The north-and-south road at the place of the accident and north and south thereof was then and had been prior thereto an arterial road and was protected by stop signs erected on roads intersecting with it. Appellee and the public traveling on the north-and-south road believed that it was a favored highway protected by stop signs requiring all traffic entering it from the east and the west to stop before doing so.

The stop sign on the west of the intersection at Stone Corner was on December 28, 1956, and had been for a short time prior thereto knocked down and displaced and it was and had been in that condition without notice to or knowledge of appellee or others using the north-and-south road. It was known to Thomas William Crook before and on that date that the north-and-south road was a favored road protected by stop signs as aforesaid. He knew the stop sign on the west side of Stone Corner was displaced but he also knew that appellee and others traveling on the favored highway would assume that vehicles on the east-and-west road would stop before they or any of them would enter the intersection at Stone Corner.

The automobile operated by Thomas William Crook was not stopped before it entered the intersection and it was negligently driven against and into the truck of appellee therein. The collision of the vehicles and the injuries to and disability of appellee were caused by the negligence of Thomas William Crook which con *689 sisted of his failure: To yield the right-of-way to appellee who had first entered the intersection and was then traveling on a favored highway; to stop before he entered the intersection; to maintain a speed that was reasonable andj proper -under the circumstances and that was not in excess of 60 miles per hour; to have his automobile under reasonable control; to keep a proper lookout for other traffic on the highway; and to exercise care and caution in approaching and entering the intersection. Appellee because of the negligence of Thomas William Crook suffered serious injuries and permanent disability. The truck of appellee was destroyed and he asked damages from appellant in a specified amount.

Appellant by answer admitted the ownership of the Buick automobile by him and that it was on December 28, 1956, at about 1:40 p. m. operated by his son upon an east-and-west road in Richardson County; admitted the ownership of the truck as stated by appellee which he was operating at that time in a southerly direction on a north-and-south road in the named county; and admitted that the vehicles were at the time approaching an intersection about 5 miles northeast of Falls City known as Stone Corner.
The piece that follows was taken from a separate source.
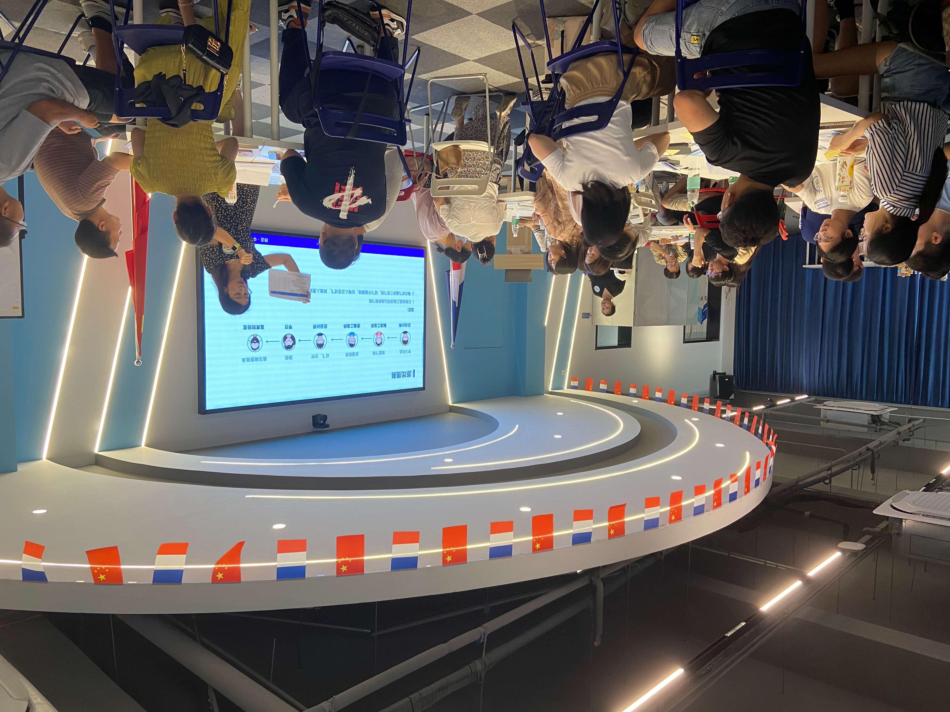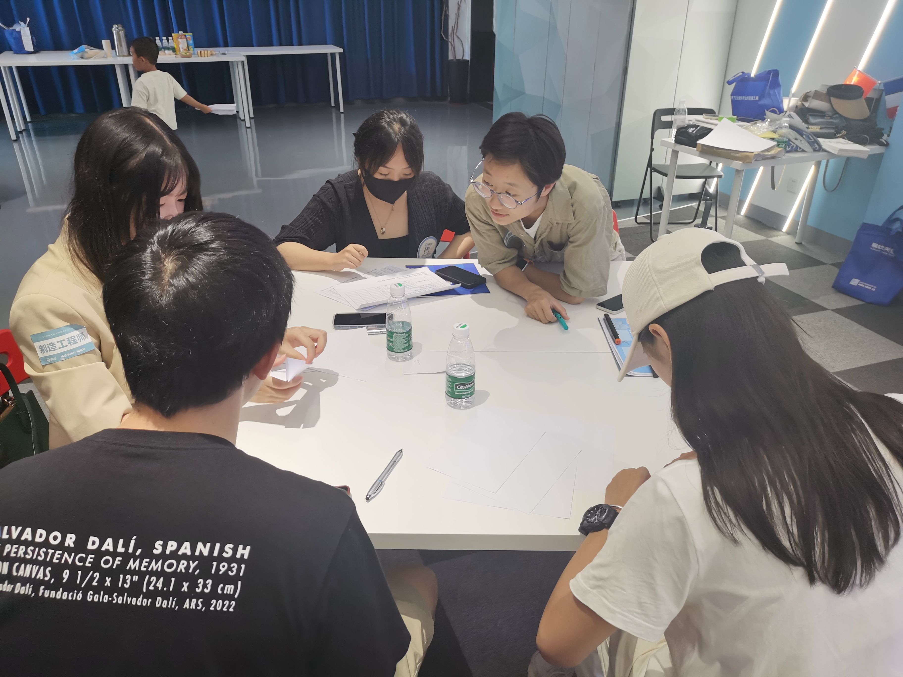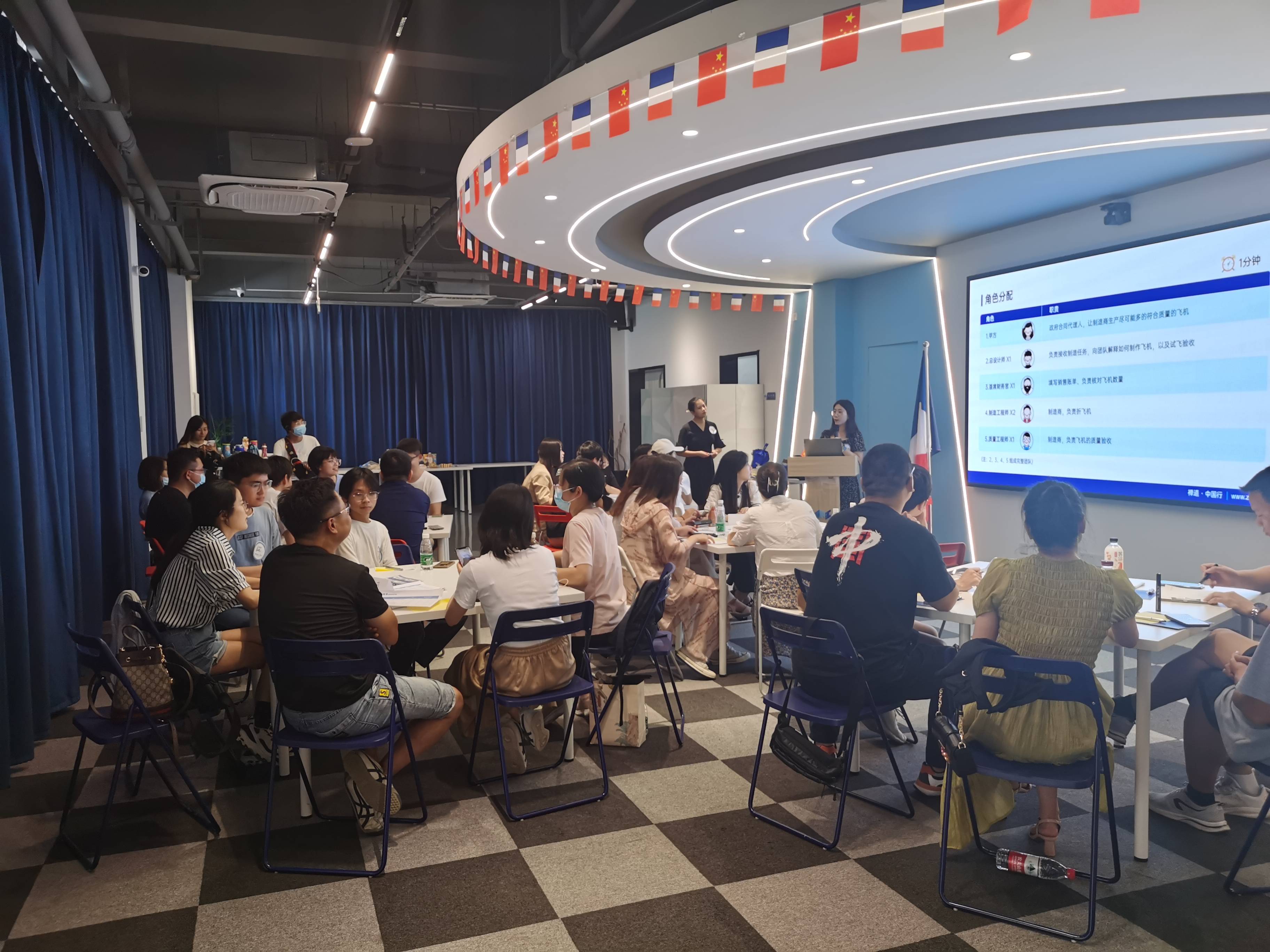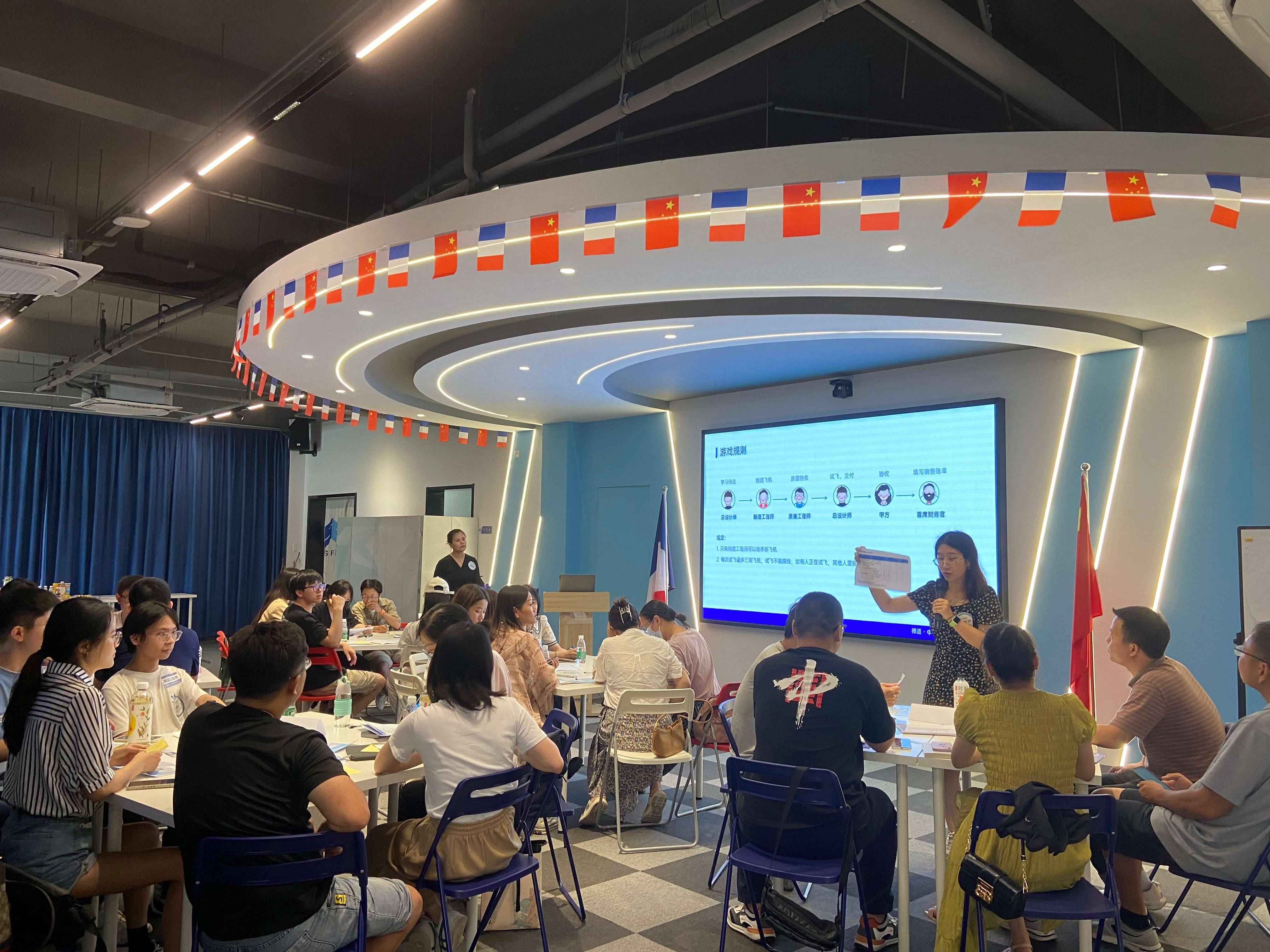 (大家在认真听讲师讲解纸飞机游戏规则)

Appellant therein asserted that the Buick automobile entered the intersection first; that appellee carelessly and negligently drove his truck upon and against the automobile of appellant; and that the negligence of appellee, detailed in the answer, was the cause of any injuries or damages he sustained because of the collision of the vehicles.

This appeal is from the order of the trial court which denied the motion of appellant for judgment notwithstanding the verdict or, in the alternative, for a new trial.

The record contains evidence tending to establish the following matters: Appellant was on December 28, 1956, the owner of the Buick automobile involved in the accident which is the occasion of this litigation. *690 It was owned and maintained by him for the use, benefit, convenience, and pleasure of his family. A son of appellant then lived in the family home and was 18 years of age. He was operating the automobile of his father for a family purpose for which it was owned and maintained and with the consent and knowledge of his father at the time of the accident which happened at an intersection known as Stone Comer.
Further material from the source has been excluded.